When setting an ingress, use a similar template to this:

apiVersion: extensions/v1beta1
kind: Ingress
metadata:
  annotations:
    kubernetes.io/ingress.class: nginx
    # Optional!
    nginx.ingress.kubernetes.io/rewrite-target: "/"
  name: cockroach-ingress
  namespace: default
spec:
  rules:
    - host: test.charliedrage.com
      http:
        paths:
          - path: /foo
            backend:
              serviceName: database-cockroachdb-public
              servicePort: 8080
          - path: /bar
            backend:
              serviceName: nginx
              servicePort: 80

Let’s Encrypt

helm install \
  --name cert-manager \
  --namespace kube-system \
  --set ingressShim.defaultIssuerName=letsencrypt-staging \
  --set ingressShim.defaultIssuerKind=ClusterIssuer \
  stable/cert-manager \
  --version v0.5.2

Setup an issuer:

apiVersion: certmanager.k8s.io/v1alpha1
kind: ClusterIssuer
metadata:
  name: letsencrypt-staging
spec:
  acme:
    # The ACME server URL
    server: https://acme-staging-v02.api.letsencrypt.org/directory
    # Email address used for ACME registration
    email: "charlie@charliedrage.com"
    # Name of a secret used to store the ACME account private key
    privateKeySecretRef:
      name: letsencrypt-sec-staging
    # Enable HTTP01 validations
    http01: {}

Setup ingress:

apiVersion: extensions/v1beta1
kind: Ingress
metadata:
  annotations:
    kubernetes.io/ingress.class: nginx
    certmanager.k8s.io/cluster-issuer: letsencrypt-staging
    kubernetes.io/tls-acme: “true”
    #nginx.ingress.kubernetes.io/rewrite-target: "/"
  name: cockroach-ingress
  namespace: default
spec:
  rules:
    - host: test.charliedrage.com
      http:
        paths:
          - path: /
            backend:
              serviceName: database-cockroachdb-public
              servicePort: 8080
  tls:
    - secretName: tls-staging-cert
      hosts:
        - test.charliedrage.com

LoadBalancer

MetalLB. Provide an ARP range, use loadbalancerIP if you want to specify / pick a specific IP!

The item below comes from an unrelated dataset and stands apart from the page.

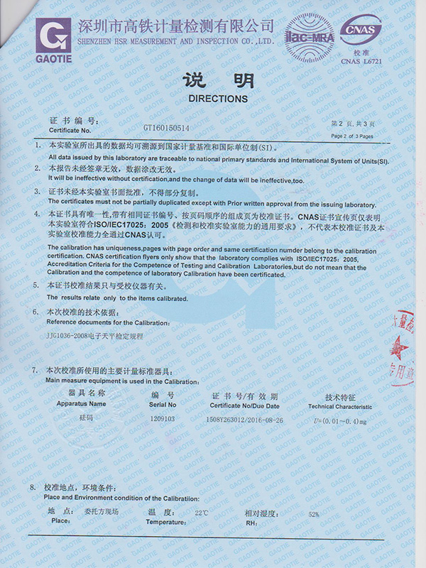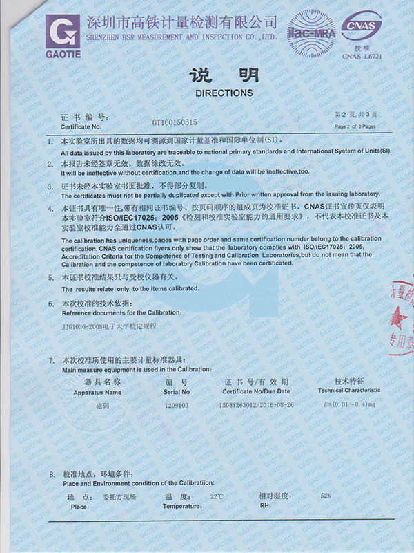 電子天平校準(zhǔn)證書(shū)
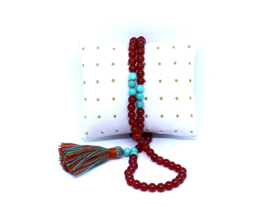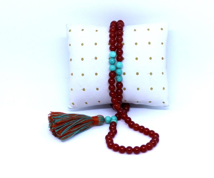 ลูกประคำอิสลามขนาดเล็กคุณภาพสูงจาก Rudra Gems ทำจากหินออนิกซ์สีแดงธรรมชาติ มิสบาฮะ ทัสบีฮ์ เตสบีฮ์ ของแท้จากผู้ผลิตบุคคลที่สาม

Have to create ConfigMap before deployment that uses the metallb-config.

kind: ConfigMap
metadata:
  namespace: default
  name: metallb-config
data:
  config: |
    address-pools:
    - name: default
      protocol: layer2
      addresses:
      - 192.168.1.96-100
helm install --name metallb stable/metallb

Storage

NFS Server + NFS-Client from https://github.com/kubernetes-incubator/external-storage/tree/master/nfs-client for dynamic storage provisioning

# On the host
docker run \
  -d \
  --restart=always \
  --net=host \
  --name nfs \
  --privileged \
  -v /mnt/storage/k8s:/nfsshare \
  -e SHARED_DIRECTORY=/nfsshare \
  cdrage/nfs-server-alpine

# On all servers
sudo apt-get install nfs-common -y 

# For the nfs-client / provisioner
helm install stable/nfs-client-provisioner -n nfs-client --set nfs.server=192.168.1.91 --set nfs.path=/ --set storageClass.defaultClass=true

Monitoring

Use Prometheus + AlertManager + Grafana

Internal link: prometheus-server.default.svc

helm install --name prometheus stable/prometheus
helm install --name grafana stable/grafana

Certified Kubernetes Administrator (CKA)

  • 100% practical, “fixing” broken environments
  • Use lot’s of kubectl

Curriculum:

  • Application Lifecycle Management 8%
  • Installation, Configuration & Validation 12%
  • Core Concepts 19%
  • Networking 11%
  • Scheduling 5%
  • Security 12%
  • Cluster Maintenance 11%
  • Logging / Monitoring 5%
  • Storage 7%
  • Troubleshooting 10%

Course-outline:

  • Chapter 1. Course Introduction
  • Chapter 2. Basics of Kubernetes
  • Chapter 3. Kubernetes Architecture
  • Chapter 4. Kubernetes Installation and Configuration
  • Chapter 5. Accessing a k8s Cluster and Using the API
  • Chapter 6. Replication Controllers and Deployments
  • Chapter 7. Volumes and Application Data
  • Chapter 8. Services
  • Chapter 9. Ingress
  • Chapter 10. Additional API Objects
  • Chapter 11. Scheduling
  • Chapter 12. Logging, Monitoring, and Troubleshooting
  • Chapter 13. Third-Party Resources
  • Chapter 14. Kubernetes Federation
  • Chapter 15. Helm
  • Chapter 16. Security

Components of Kubernetes

Internal components:

  • kube-proxy: Routing traffic to load-balanced services in the Kubernetes cluster
  • kube-dns: Provides naming and discovery for the services defined
  • kubernetes-dashboard: GUI for Kubernetes

Most common are:

  • Deployment - stateless persistent apps (http servers, stateless: does not require server to retain session information)
  • StatefulSet - stateful persistent apps (databases, stateful: keeping internet state of the server known)
  • Job - run-to-completion apps (batch jobs)
  • Service - set of Pods with a ClusterIP (networking, accessing the application, using loadbalancer’s)

Not-so-common:

  • DaemonSet - ensures that all (or some) nodes run a copy of a Pod
  • CronJob - configuration of a single cronjob (this is in ALPHA)

Manually:

  • Pod - Collection of containers guaranteed to be located on the node and share resources (should be created through Deployment, Job, StatefulSet).
  • ReplicaSet - Same as Replication Controller but has selector support (should be created through Deployment)
  • ReplicationController - Ensures specific number of pod replicas are running at any given time (should be created through Deployment)
  • Container - Only created in the context of a Pod (should be created through Pod)

Deployments

Deployment manages ReplicaSets and RC’s manage Pods.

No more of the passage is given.